Whose opinion do you value?
Thursday, August 17th, 2006In Crossing the Chasm , Geoffrey Moore teaches us that a marketplace is made up of a group of consumers with similar needs who are self-referencing.
While most marketing practitioners have not been able to put Moore’s ’self-referencing’ framework into practice, the Internet has gone a long way in helping. Technology has allowed us to reduce the costs associated with measuring a person’s personal network and deriving the level of influence that individuals posess. These technological improvements have only made it easier for everyone to increase the reach and the velocity in which a person can reach into their network and request or share information about a product. Google, in particular, has done more to help users of similar interests and needs reference each other than any other tool available.

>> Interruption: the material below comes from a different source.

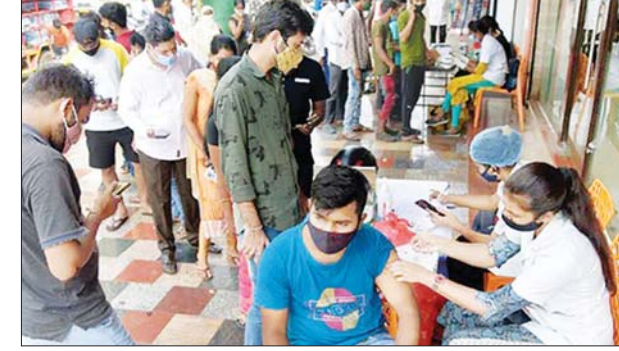
အိန္ဒိယနိုင်ငံ၌ ကျန်းမာရေးဝန်ထမ်းတစ်ဦးက ကိုဗစ်-၁၉ ကာကွယ်ဆေး ထိုးနှံပေးနေသည်ကို တွေ့ရစဉ်။

ကျန်းမာလာသူ အရေအတွက်မှာ ၄၂၅၃၄၇၉ ဦး ရှိလာကြောင်း တရားဝင်အချက်အလက်များအရ သိရသည်။ ဆင်ယာ

This access to information has driven the need for another mechanism which was not as critical previously: filtration systems. Ironically, the combination of referencing, reputation and filtration, a new information access paradigm was born. Users could proactively seek out Buzz products, determine the ratings based upon the crowd, and in some cases, their personal network, and receive recommendations through interactions with certain sites such as Amazon .
These tools have since enabled a plethora of individuals to transcend their previous activities and organize into smartMobs, get paid for their opinions, and garner bragging rights as amateurs. I’m particularly interested in the experiment taking place at BazaarVoice. Despite the presence of these examples within the consumer product sector, isn’t it strange that no one has any form of practical implementation of these tools and techniques with the context of the software industry?